Мопра. Орас
Шрифт:
Но через секунду, застигнутый врасплох, он и сам разволновался: послышалось чье-то жалобное повизгивание, что-то пушистое терлось о его ноги; Маркас вздрогнул и громко вскрикнул, узнав Барсука. Верный пес издалека почуял хозяина; он примчался стремглав, как в былые дни, и кубарем подкатился Маркасу под ноги. Пока тот нежно его гладил, Барсук весь съежился и замер, мне показалось даже, что пес кончается, но он внезапно вскочил и с быстротою молнии понесся назад к хижине Пасьянса, словно его мозг, совсем как человечий, осенила какая-то мысль.
— Так, так, славный пес! Предупреди моего дружка! — воскликнул Маркас. — Ты верный друг! Жаль — не человек!
Маркас обернулся ко мне; по щекам бесстрастного идальго катились две крупные слезы.

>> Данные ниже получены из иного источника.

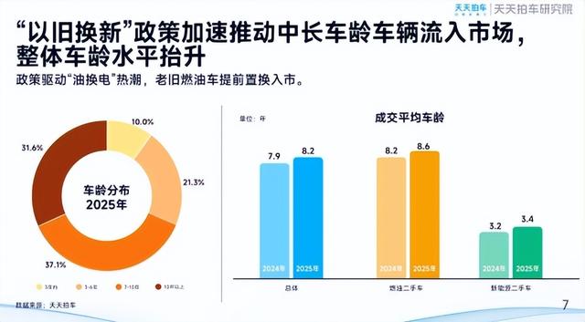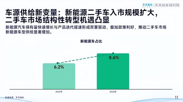 天天拍车平台数据显示,2025年新能源二手车成交量占比从2024年的6.2%提升至8.6%,增长显著。供给端方面,新能源汽车保有量增长与产品迭代提速形成双重驱动力,叠加"以旧换新"、"油换电"政策引导,带动新能源二手车交易规模持续扩大。
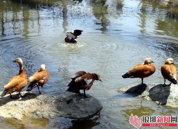 临沂动植物园中的赤麻鸭。 记者 孟凯 刘青 摄
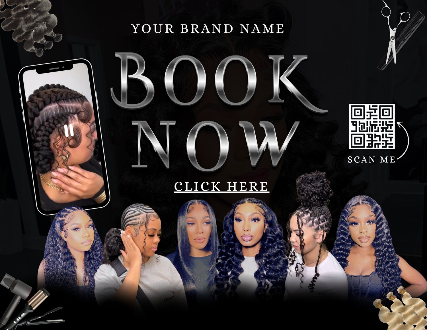 Stylist Booking Template that can be edited in various way to your likening. Please note product is a "digital" file only. This will require you to have/use Canva (Free or Pro version). This flyer is MP4 meaning, there is a video playing in the cell phone. If your desire is a photo on the phone instead of a video, you have the ability to change it. Please note ALL SALES ARE FINAL..NO REFUNDS!!!
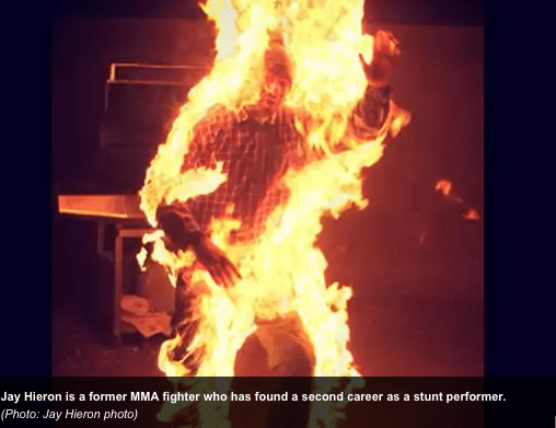 “Before a fight I used to tell myself to relax, breathe, stay warm and loose,” former Ultimate Fighting Championship combatant and current actor and stuntman Jay Hieron told USA TODAY Sports. “When I am getting ready to do a big scene, I do exactly the same. You have to be ready to turn all your preparation into performance. That’s why there are so many athletes in the stunt world.”
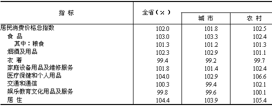 市場物價溫和上漲。居民消費價格總水平比上年上漲2.0%,其中城市上漲1.8%,農(nóng)村上漲2.5%。商品零售價格指數(shù)上漲1.2%。農(nóng)業(yè)生產(chǎn)資料價格指數(shù)上漲3.6%。工業(yè)品出廠價格指數(shù)上漲1.0%。原材料、燃料、動力購進價格指數(shù)上漲2.6%。固定資產(chǎn)投資價格指數(shù)上漲1.5%。土地交易價格指數(shù)上漲5.0%。房屋銷售價格指數(shù)上漲4.3%,房屋租賃及物業(yè)管理價格指數(shù)分別上漲3.1%和0.9%。農(nóng)產(chǎn)品生產(chǎn)價格指數(shù)上漲0.2%,其中,谷物上漲1.5%,棉花下降2.5%,油料上漲6.1%,畜產(chǎn)品下降1.3%。

Мы поспешили к хижине. Там произошли значительные перемены. За живой изгородью, у подножия скалистых глыб, раскинулся красивый деревенский садик; к стоявшему в глубине домику вела уже не каменистая тропинка, как прежде, но прекрасная аллея, по обе стороны которой, словно армия в походном порядке, расположились ровными шеренгами грядки с великолепными овощами. Авангардом служил батальон капусты; морковь и салат составляли основную колонну; скромный щавель вдоль изгороди замыкал шествие. Красивые крепкие яблони, раскинувшие над овощами свои зеленые зонтики, пирамидальные и веерообразные грушевые деревья, бордюры
Перемена была столь ощутимой, что меня охватило сомнение, живет ли еще Пасьянс в этой хижине. Беспокойство мое возросло, а подозрения сменились почти уверенностью при виде двух деревенских парней, подстригавших шпалеры. Плавание наше длилось более четырех месяцев, и об отшельнике мы ничего не слыхали уже с полгода. Но Маркас не испытывал никаких опасений. Барсук дал ему понять, что Пасьянс жив, а свежие следы собачьих лап на песке аллеи указывали, куда побежал пес. И все же я так боялся омрачить радость этого дня, что не решился задать вопрос садовникам. Я молча последовал за идальго, растроганный взор которого блуждал по новому Эдему, тогда как скупые уста твердили одно-единственное слово: «Перемена».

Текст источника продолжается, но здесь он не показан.